Thoracoscopic splanchnicectomy for control of intractable pain due to advanced pancreatic cancer

Surg Endosc. 2001 Feb;15(2):129-31. doi: 10.1007/s004640090009.

Abstract

Background: Severe upper abdominal pain is a dominant and distressing feature of advanced pancreatic cancer. This study was performed to evaluate pain intensity and to determine the ways in which pain may interfere with the common daily activities of patients with intractable pain before and after thoracoscopic splanchnicectomy.

Methods: Twenty-six left-sided thoracoscopic splanchnicectomies were performed. To assess pain severity and the impact of pain, all patients completed a short questionnaire using the 0-10 Numeric Rating Scale. The Pain Management Index was used to describe and compare the adequacy of analgesic management. Patients were evaluated 1 day prior to operation and for 6 months after the procedure.

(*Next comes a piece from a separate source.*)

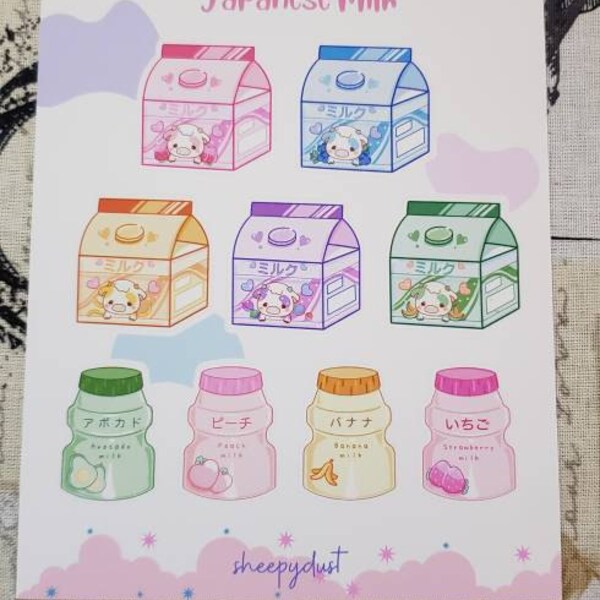 Kawaii Japanese Milk Sticker Sheet Milk Carton Sticker Sheet - Etsy

Results: Pain was reduced significantly after the operation (p < 0.001), and all patients enjoyed consistent pain relief during the postoperative follow-up. The degree to which pain interfered with their daily function decreased significantly (p < 0.001) after surgery. The adequacy of the analgesic management improved, and none of the patients required opioids.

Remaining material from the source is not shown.